THE OCCURRENCE OF JOINT HYPERMOBILITY AND GROWING PAINS IN SCHOOL CHILDREN - COINCIDENCE OR CAUSE?
Khubchandani R*, Viswanathan Vijay **
Jaslok Hospital & Research Center, Mumbai, India *, Jaslok Hospital & Research Center, Mumbai, India **
Objectives
To examine school children for coexistence of Joint Hypermobility (JHM) and Growing Pains (GP) and test the hypothesis that JHM may play a part in the pathogenesis of GP.
Methods
Cross-sectional study N = 448 (M-226, F-222; range 4-10 years) HM and GP assessed independent of each other.

JHM assessed using Beighton criteria, score > / = 4/9 considered positive. GP diagnosed if Naish and Apley criteria adapted by Hawksley and others fulfilled.
Results
237/448 (52.2%) found to have JHM. 126/448 (28.1%) fulfilled criteria for GP in the recent past 98/126 (77.7%) with GP had JHM and 98/237 (41.3%) with JHM had GP. JHM and GP found to be significantly associated (p <.0001).
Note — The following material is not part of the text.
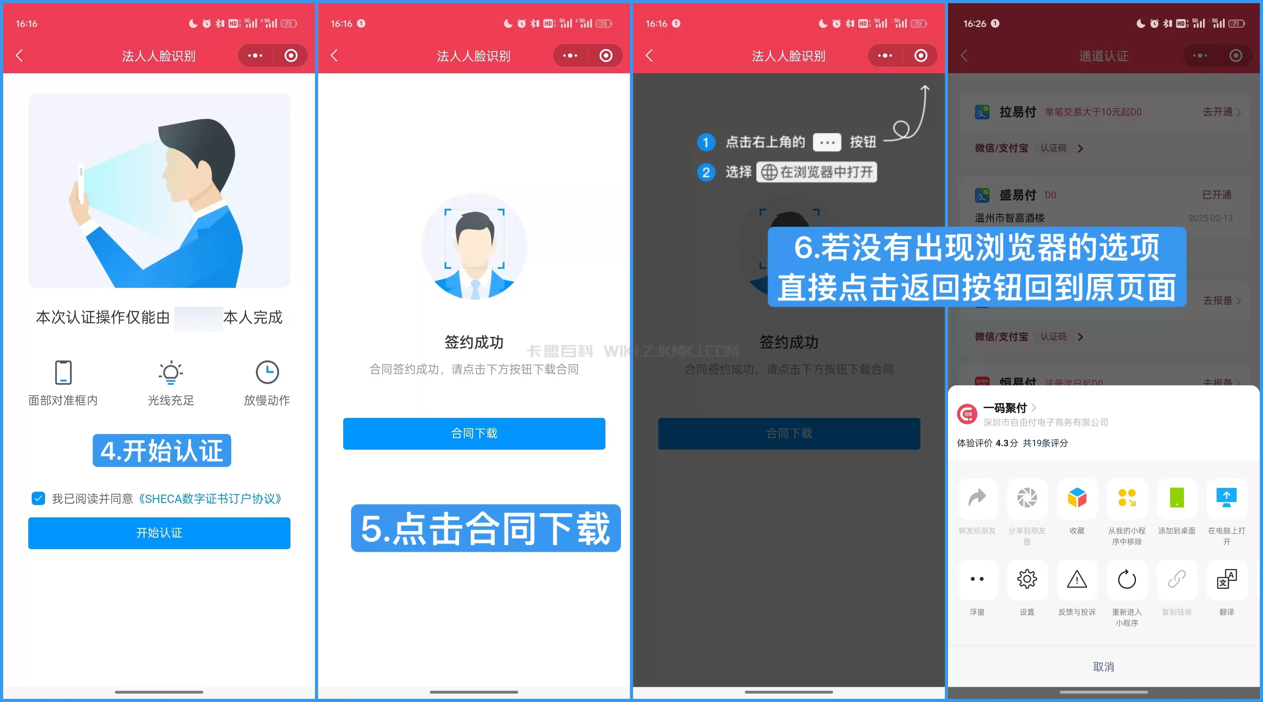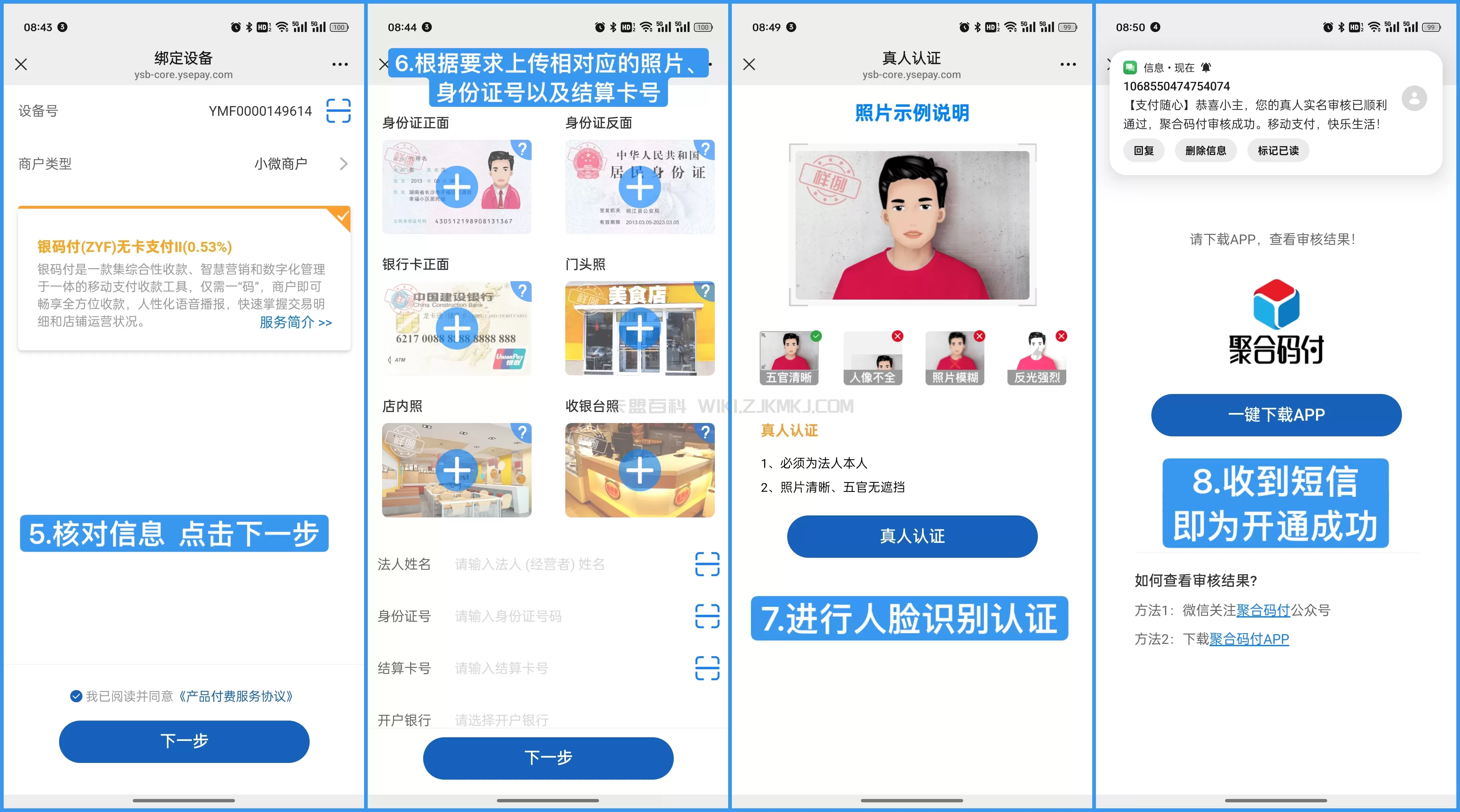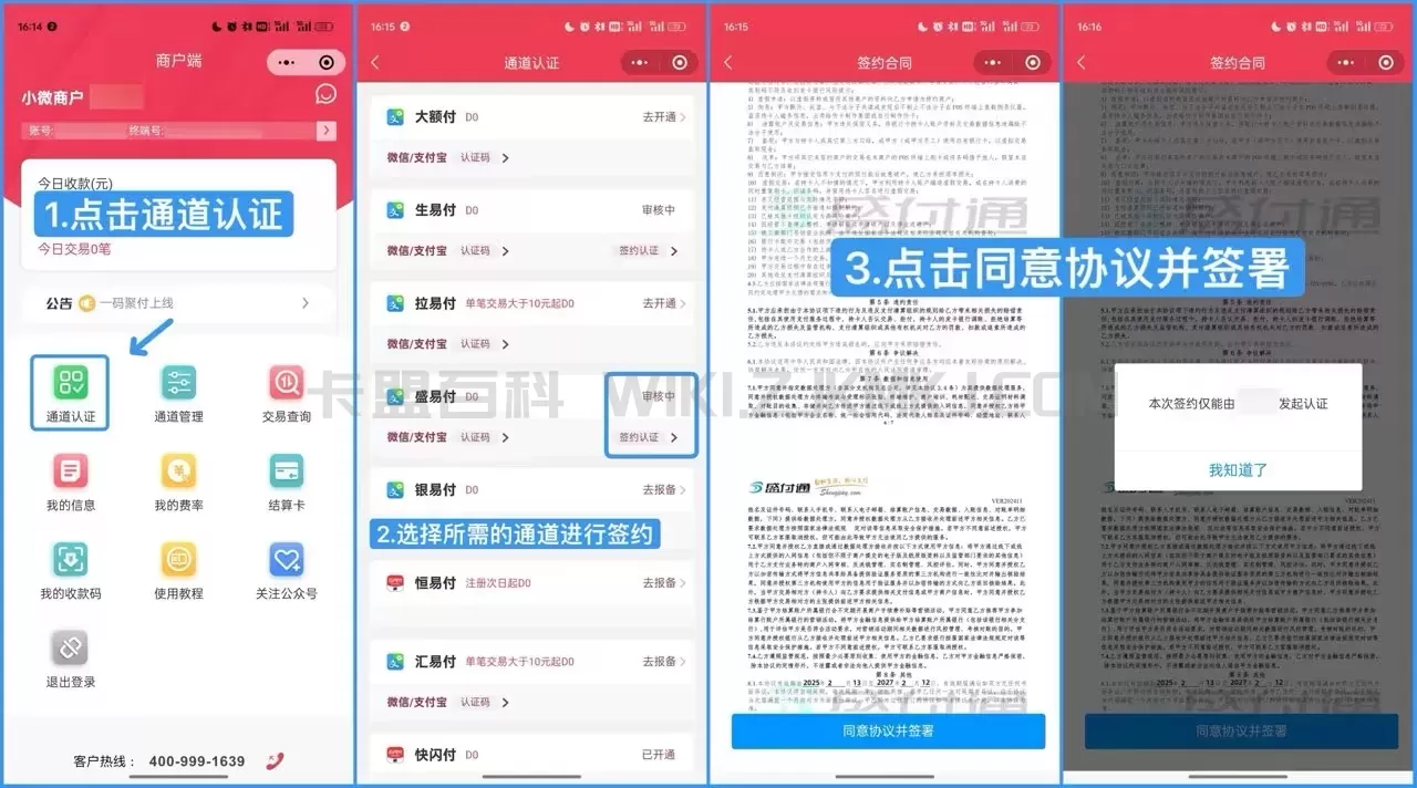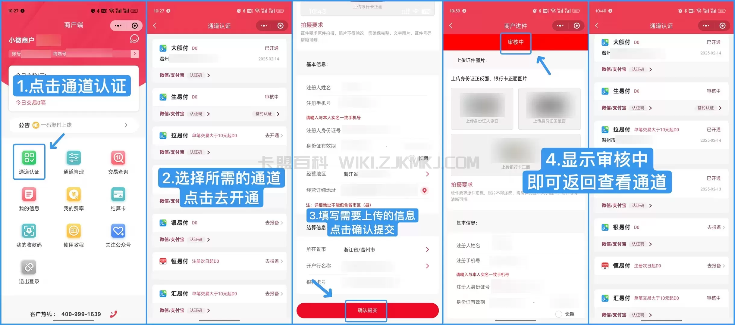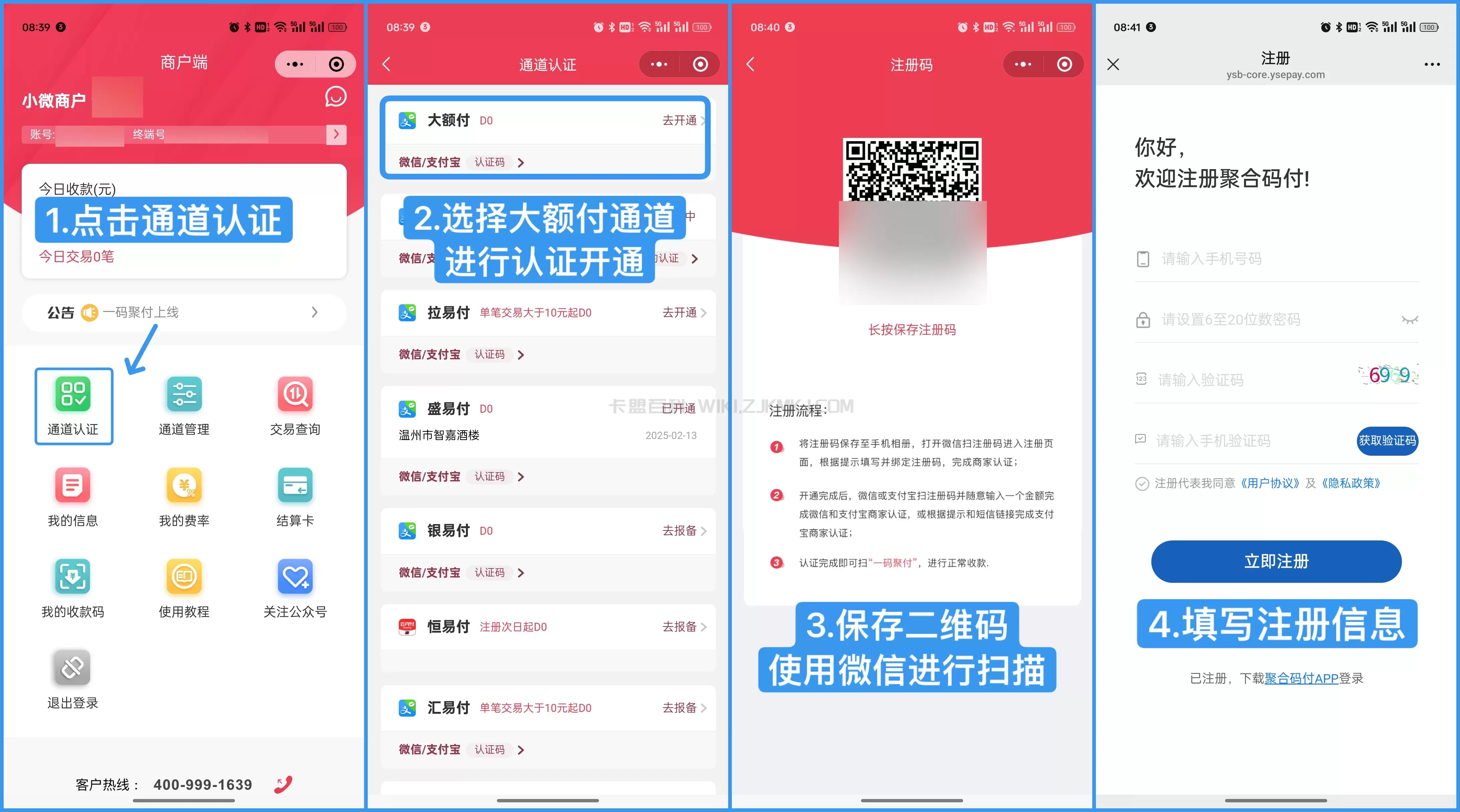 通道认证-选择 大额付通道-保存二维码使用微信扫描-填写注册信息-核对信息-上传 身份证正反面、身份证号、结算卡号-人脸识别

On analyzing children with knee hypermobility irrespective of the Beighton's score, strong association was found between children with this sign and those with GP (p value)
Conclusions
This study shows a strong association between JHM and GP. Additionally, there seems to exist a significant association of knee hypermobility with GP. We propose that JHM may play a part in the pathogenesis of GP. Longitudinal studies of both entities and assessment of children with GP using hypermobility scoring systems with greater weight age to lower extremity joints are needed. Confirmation of this causal relationship would allow for a tangible explanation to parents and a rational basis for physical therapy.

Meanwhile it is recommended that all children with GP be screened for JHM, specifically of the knees.